Pi-fusion: Physics-informed diffusion model for learning fluid dynamics

TL;DR

Pi-fusion is a physics-informed diffusion model that effectively predicts the temporal evolution of fluid dynamics, improving accuracy and generalization over existing methods by incorporating physics-guided sampling and reciprocal learning.

Contribution

The paper introduces Pi-fusion, a novel physics-informed diffusion model with physics-guided sampling and reciprocal learning strategies for better fluid dynamics prediction.

Findings

Outperforms state-of-the-art methods in predicting velocity and pressure fields.

Demonstrates strong generalization on synthetic and real-world datasets.
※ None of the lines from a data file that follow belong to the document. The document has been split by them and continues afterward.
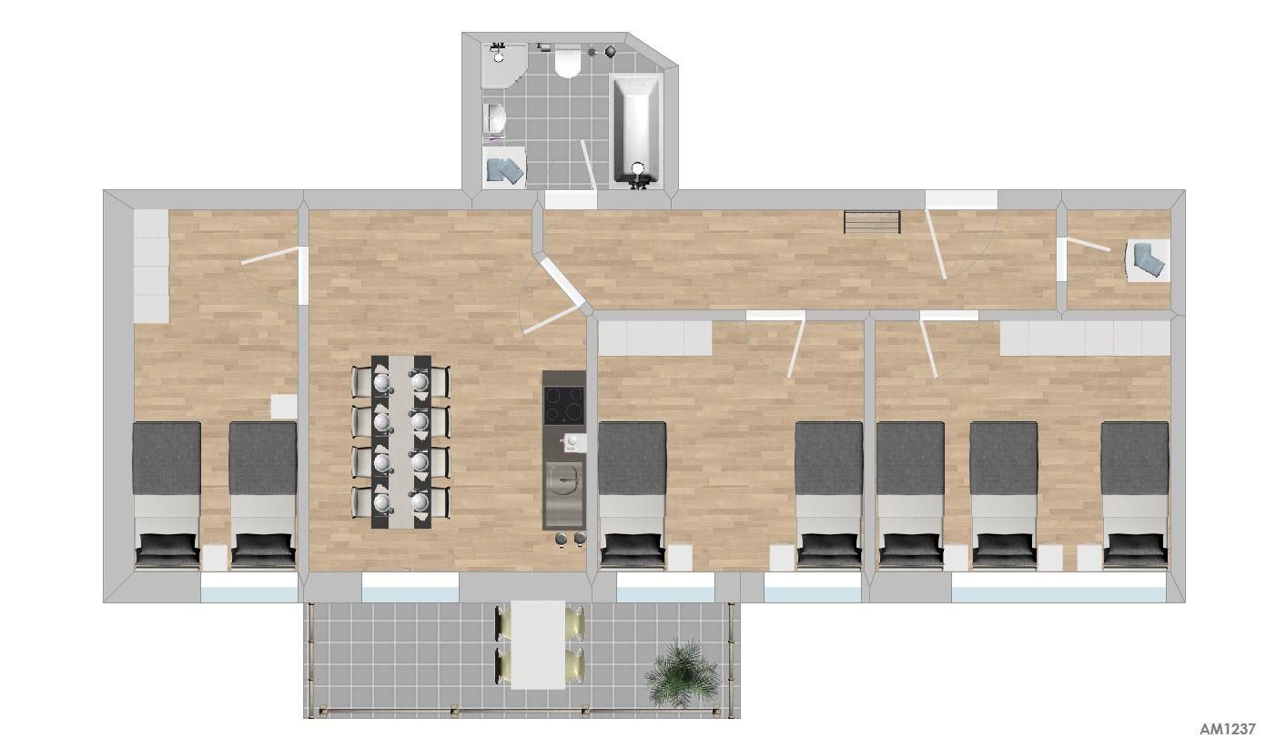 Auf dem Grundriss der Unterkunft können Sie die genaue Zimmer- und Bettenaufteilung sehen.
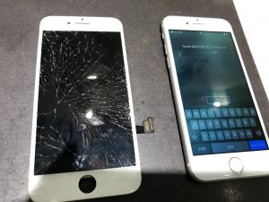 ここまでiPhone7がバキバキに割れている状態ですと、タッチセンサーや液晶がいつ壊れてもおかしくはありません。
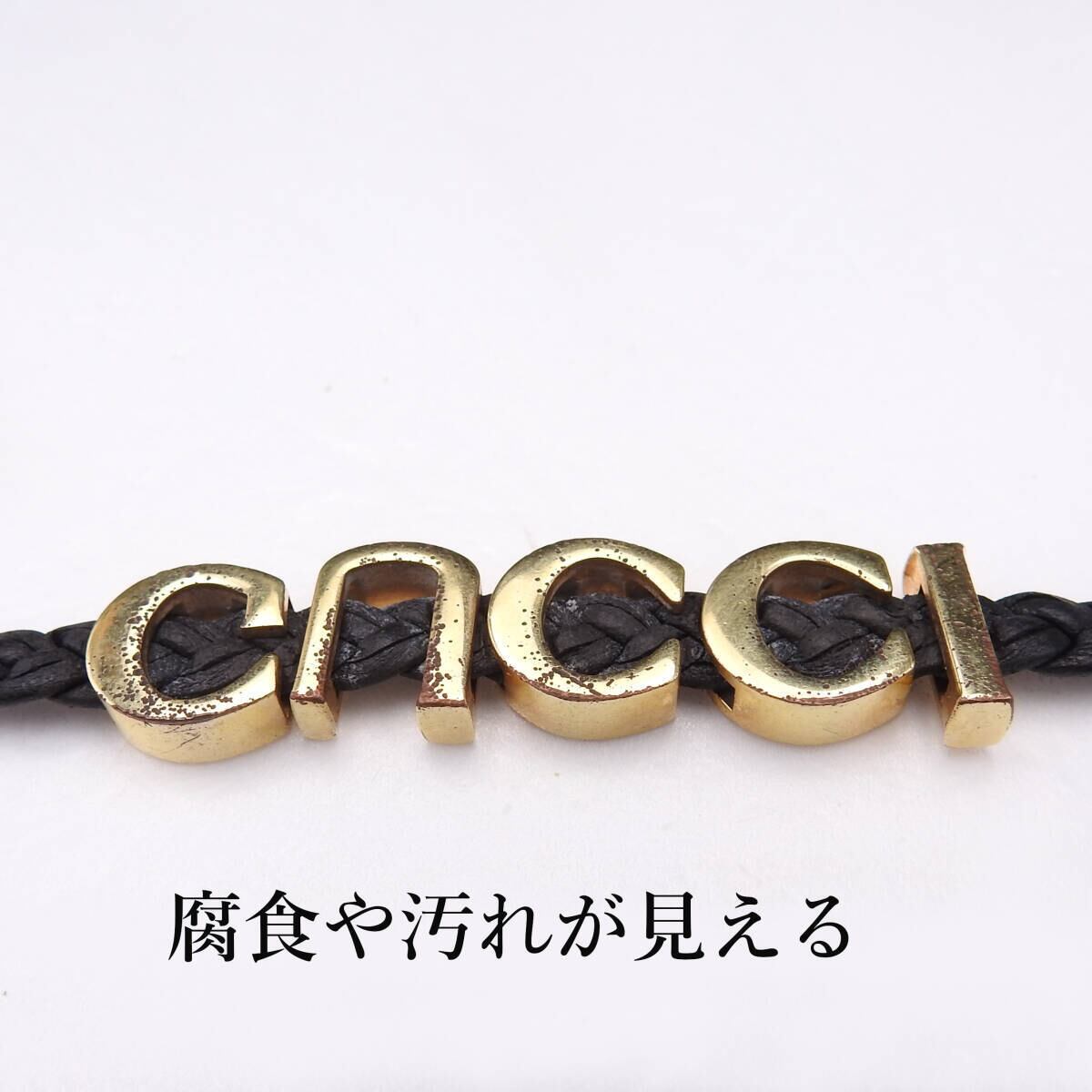 【商品名】Gucci グッチ レディース 編み込みレザーブレスレット メタルロゴチャーム ジュエリー
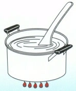 (3)鍋に(2)を入れ、中火で底から掻き混ぜながら沸騰させ、弱火にして
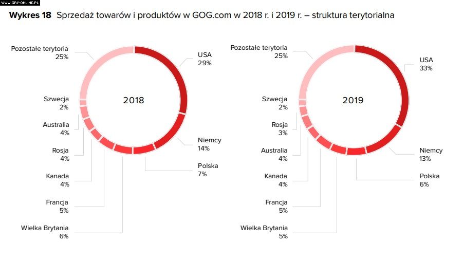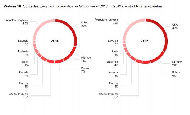 Prócz tego firma porównała też rozkład terytorialny sprzedaży w ostatnich dwóch latach. Największym rynkiem dla platformy wciąż była Ameryka Północna, przede wszystkim USA (33%). Na drugim miejscu znalazły się Niemcy (13%), a na trzecim polscy gracze, którzy stanowili 6% nabywców w 2019 roku.
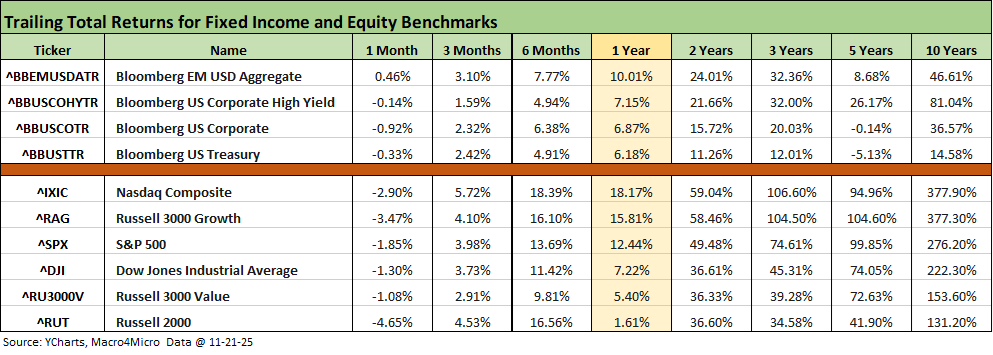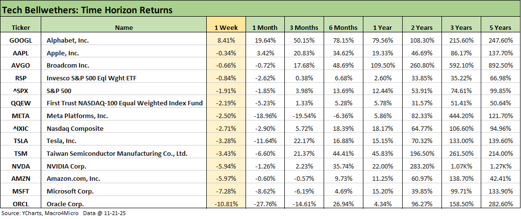 We already looked at the tech bellwethers in our Mini Market Lookback: FOMC Countdown (11-23-25). With 6 of the Mag 7 in negative range and 9 of the “Mag 7+ 3” (including Broadcom, Taiwan Semi and Oracle) also in the red, the numbers clearly show a bad week. With only 2 of the 10 posting positive returns for 1-month, it has been a shaky period. The rolling 3-month returns frame up better but in a very wide range.
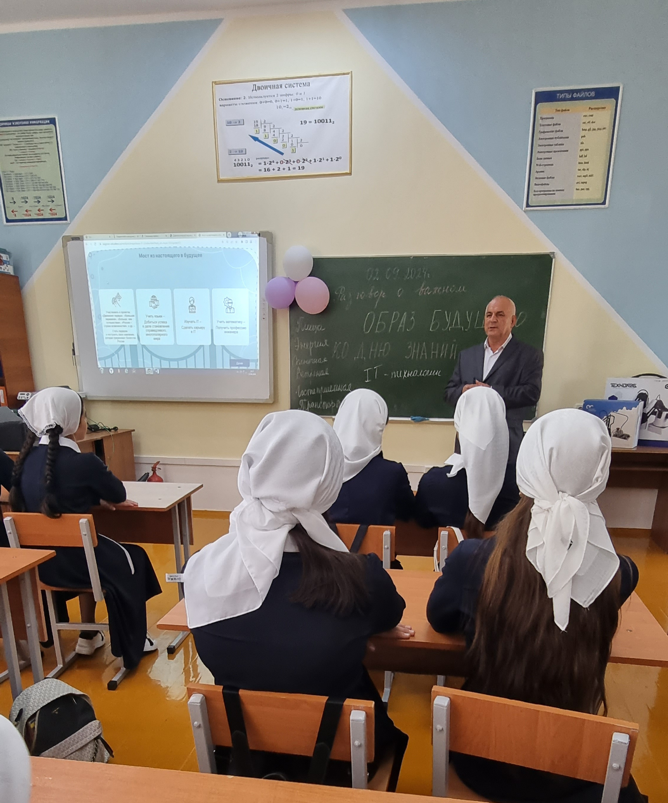 Сегодня , 2 сентября, как и во всех школах страны прошло первое занятие «Разговоры о важном» на тему «Образ будущего. Ко Дню знаний», посвященное образу будущего и его осмысленному формированию у обучающихся в преддверии нового учебного года.
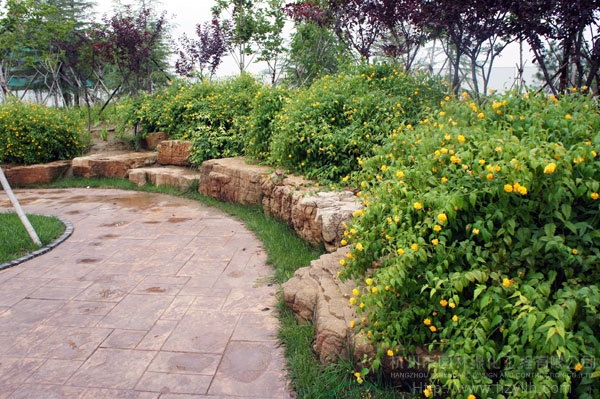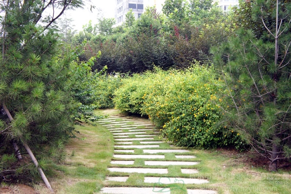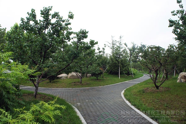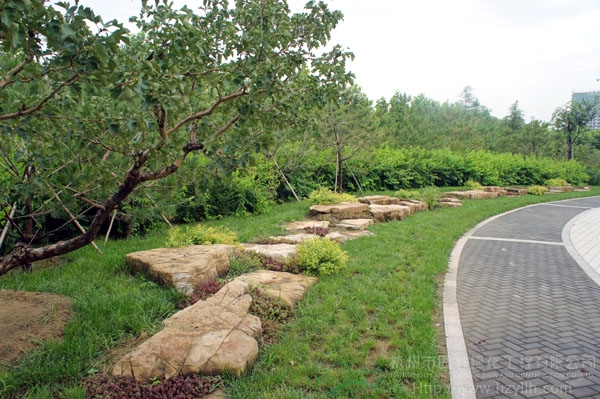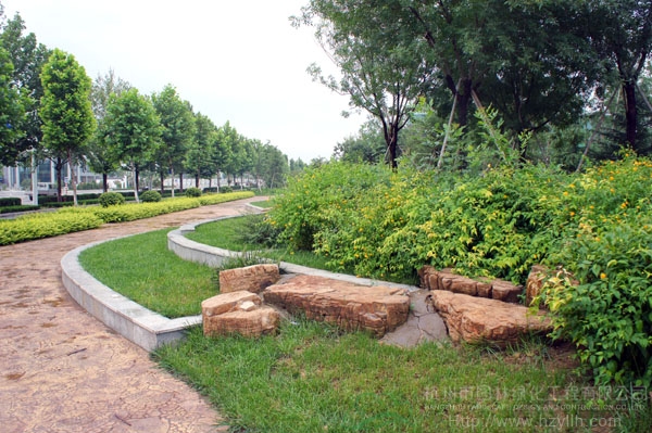 山東壽光市東環(huán)路東側綠化改造工程(圣城街-北環(huán)路)面積9萬平方米,施工范圍為機動車道與非機動車道之間2.5米的隔離綠化帶和30多米寬的路側綠化帶,施工內容包括土方地形整理、綠化種植、園路鋪裝、景石擺放、景觀小品營建等。2009年9月開工,2010年7月竣工。經過2年的精心養(yǎng)護,如今,這里樹木蔥郁,花草繁茂,一路走來,隨著多種風格的園路在腳下延伸,風景也在眼前不斷變化。
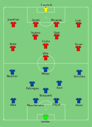 In the second leg, played on 28 August at the Camp Nou, Lionel Messi missed a penalty for Barcelona in the 89th minute, hitting his shot against the crossbar after Miranda had bundled substitute Pedro over in the area.[5] Atlético Madrid had two players sent off: Filipe Luís in the 81st minute for tangling with Dani Alves, and Arda Turan, who had already been substituted, in the first minute of added time for protesting a decision.[6] Barcelona won the cup for a record 11th time on the away goals rule.[7][8]
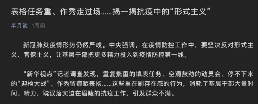 西部省份一位宣傳部門負(fù)責(zé)人告訴半月談?dòng)浾?,他們縣成立了疫情指揮部,并下設(shè)不同組,但組與組之間缺乏溝通,實(shí)際上仍然各自為政。“就拿防疫與檢測(cè)工作來講,指揮部統(tǒng)一安排后,其他部門依然安排本部門、本行業(yè)的防疫及檢測(cè)。基層人手本就不夠,各部門再各吹各的號(hào),就更亂了?!?/p>
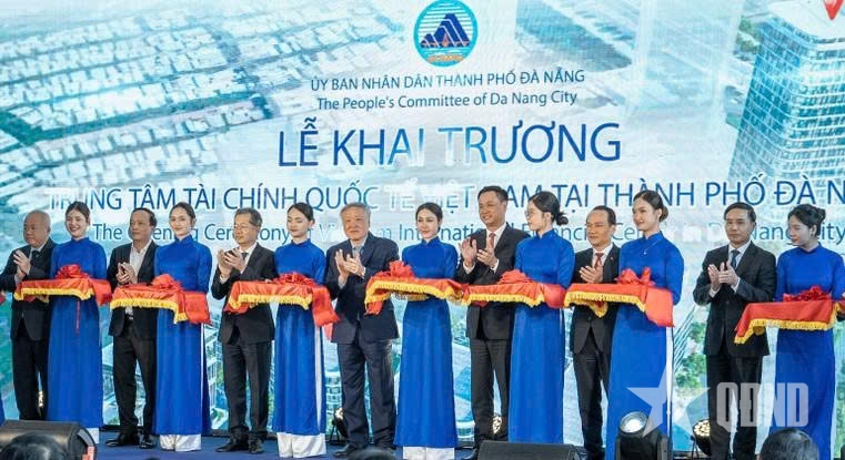 Các đại biểu cắt băng khai trương Trung tâm Tài chính quốc tế Việt Nam tại thành phố Đà Nẵng.
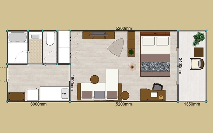 L字型の間取りを活かして、コンパクトなダイニングとリビングにはリゾート感を感じるL字型ソファを配置。7畳の寝室はダブルサイズのベッドで広々と就寝できます。
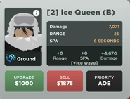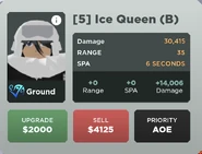 Ice Queen (B) is a 6-star ground and AoE (Full) type unit based on Rukia Kuchiki while using her Bankai, from the anime Bleach . Ice Queen (B) freezes enemies she attacks and has her own unit-exclusive orb called the Snow Orb. She was buffed to deal more damage with Update 25 (Sep. 2022).
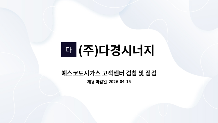 - 채용직종 : 도시가스 고객센터 검침 및 점검원 모집 (차량소지자 우대)
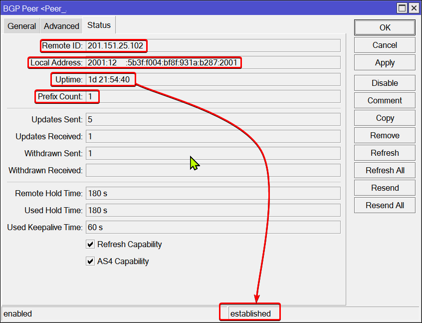 En caso de que la sesión no se establezca y este en algún estado como open, active o algún estado distinto de ESTABLISHED debemos revisar los parámetros de configuración.
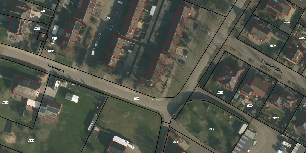 Het perceel waarop Blatenplak 33 staat heeft een oppervlakte van 6670 m². Dit is een zeer groot perceel. De perceeloppervlakte wordt geregistreerd door het Kadaster. Gedetailleerde informatie over de maten van dit perceel kunt u vinden in het rapport Kadastrale kaart met maatvoering van Blatenplak 33.
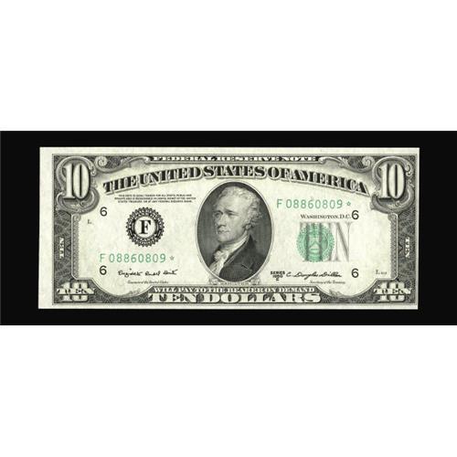 <B>Fr. 2013-F* $10 1950C Federal Reserve Note. Choice Crisp Uncirculated.</B></I><BR>Gem paper surfaces, but kept from that grade by a left to right centering shift.
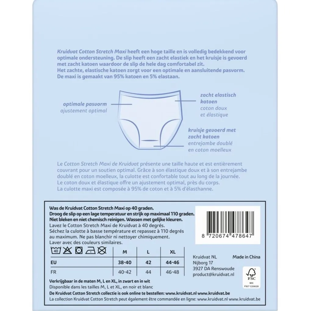 De Kruidvat Cotton Stretch Maxi Damesslip heeft een hoge taille en is volledig bedekkend voor optimale ondersteuning. De slip heeft een zacht elastiek.
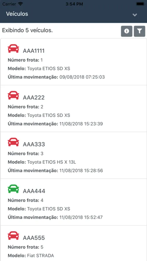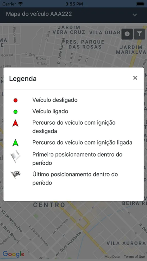 - Visualizar veículos ligados e desligados;
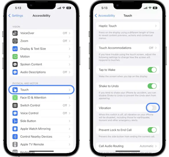 - Make sure that Vibration option is turned ON.
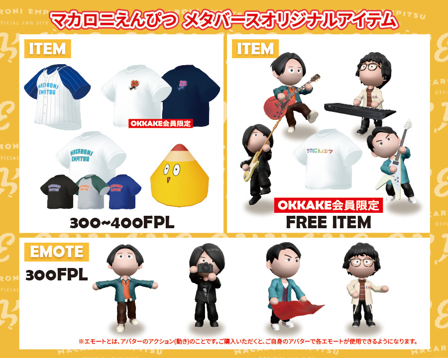 メタバースサービスをよりお楽しみいただける、マカロニえんぴつのオリジナルアイテムが販売スタート!
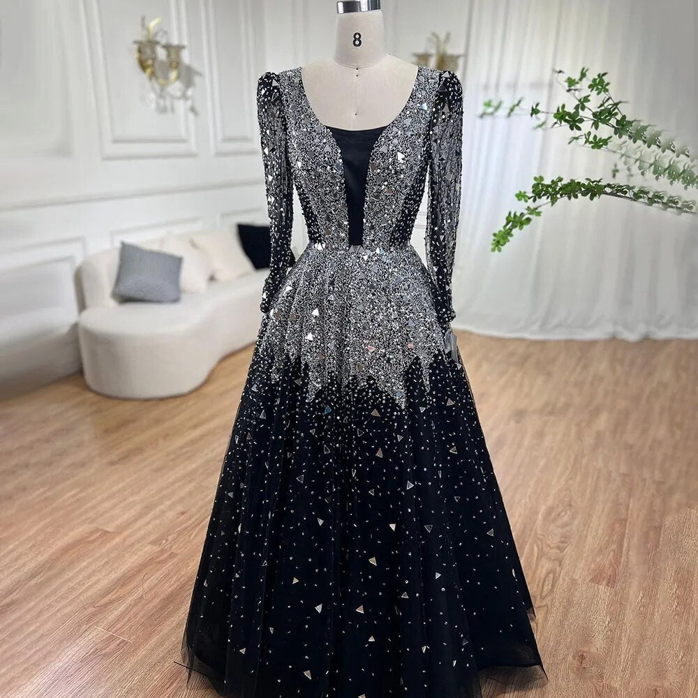 Robe de soirée noire style musulman, coupe trapèze, paillettes et perles, luxueuse, pour femme, tenue de mariage, modèle 2025, LA71214
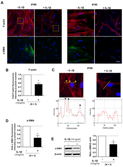 Immunofluorescence analysis of the actomyosin cytoskeleton of primary pulmonary fibroblasts upon stimulation with 10 ng/mL IL-1β. (A) Representative immunofluorescence images of filamentous actin (F-actin) (red), alpha-smooth muscle (α-SMA) (green), and DAPI (blue) with or without IL-1β in fibroblasts from two randomly selected donors (#186, #195). Scale bar, 50 μm. (B) Fold average F-actin intensity/image normalized by the corresponding cell number in fibroblasts from our cohort (n = 3). (C) Zoom of the F-actin staining area labeled by a yellow square in A (top); (bottom) quantification of the F-actin fluorescence intensity across the yellow line drawn in the top images to illustrate the loss of stress fibers (seen as intensity peaks) upon stimulation with IL-1β. Arrowheads point at stress fibers and their corresponding fluorescence intensity peak. (D) Fold average α-SMA intensity/image normalized by the corresponding cell number in fibroblasts from our cohort (n = 3). (E) Representative western blot of α-SMA and β-actin at 24 h with or without IL-1β (10 ng/mL) in fibroblasts from a randomly selected donor (left); (right) corresponding densitometry analysis from fibroblasts from our cohort (n = 3). Statistical analysis as in Figure 1, * p <0.05.
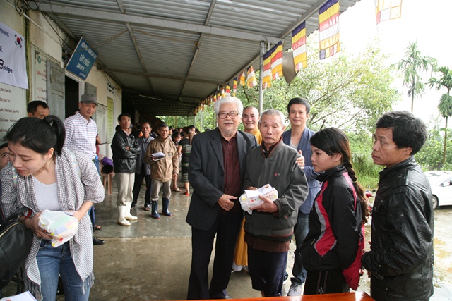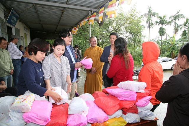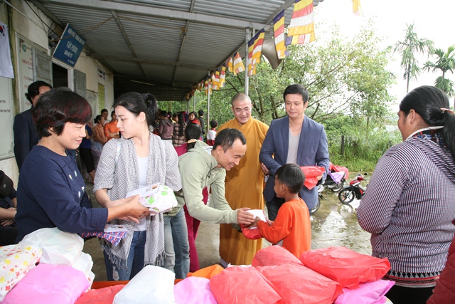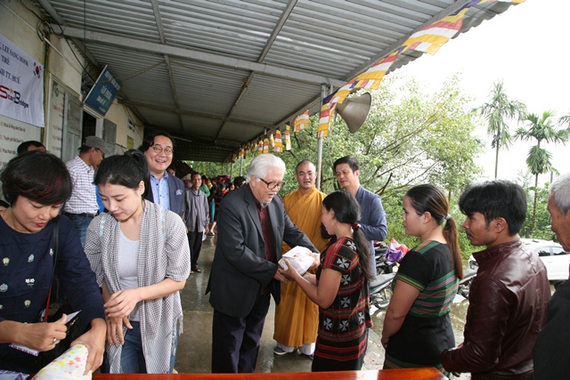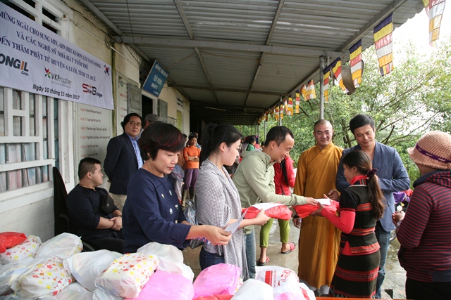 Sáng ngày 10/11, phái đoàn nghệ sĩ Hàn Quốc và các nghệ sĩ Nhà hát Tuổi Trẻ đã về thăm và tặng quà từ thiện đến bà con Phật tử dân tộc thiểu số có hoàn cảnh khó khăn tại chùa Sơn Thủy trong mùa mưa bão.

Effectively models time-variant fluid motion with probabilistic inference.

Abstract

Physics-informed deep learning has been developed as a novel paradigm for learning physical dynamics recently. While general physics-informed deep learning methods have shown early promise in learning fluid dynamics, they are difficult to generalize in arbitrary time instants in real-world scenario, where the fluid motion can be considered as a time-variant trajectory involved large-scale particles. Inspired by the advantage of diffusion model in learning the distribution of data, we first propose Pi-fusion, a physics-informed diffusion model for predicting the temporal evolution of velocity and pressure field in fluid dynamics. Physics-informed guidance sampling is proposed in the inference procedure of Pi-fusion to improve the accuracy and interpretability of learning fluid dynamics. Furthermore, we introduce a training strategy based on reciprocal learning to learn the quasiperiodical pattern of fluid motion and thus improve the generalizability of the model. The proposed approach are then evaluated on both synthetic and real-world dataset, by comparing it with state-of-the-art physics-informed deep learning methods. Experimental results show that the proposed approach significantly outperforms existing methods for predicting temporal evolution of velocity and pressure field, confirming its strong generalization by drawing probabilistic inference of forward process and physics-informed guidance sampling. The proposed Pi-fusion can also be generalized in learning other physical dynamics governed by partial differential equations.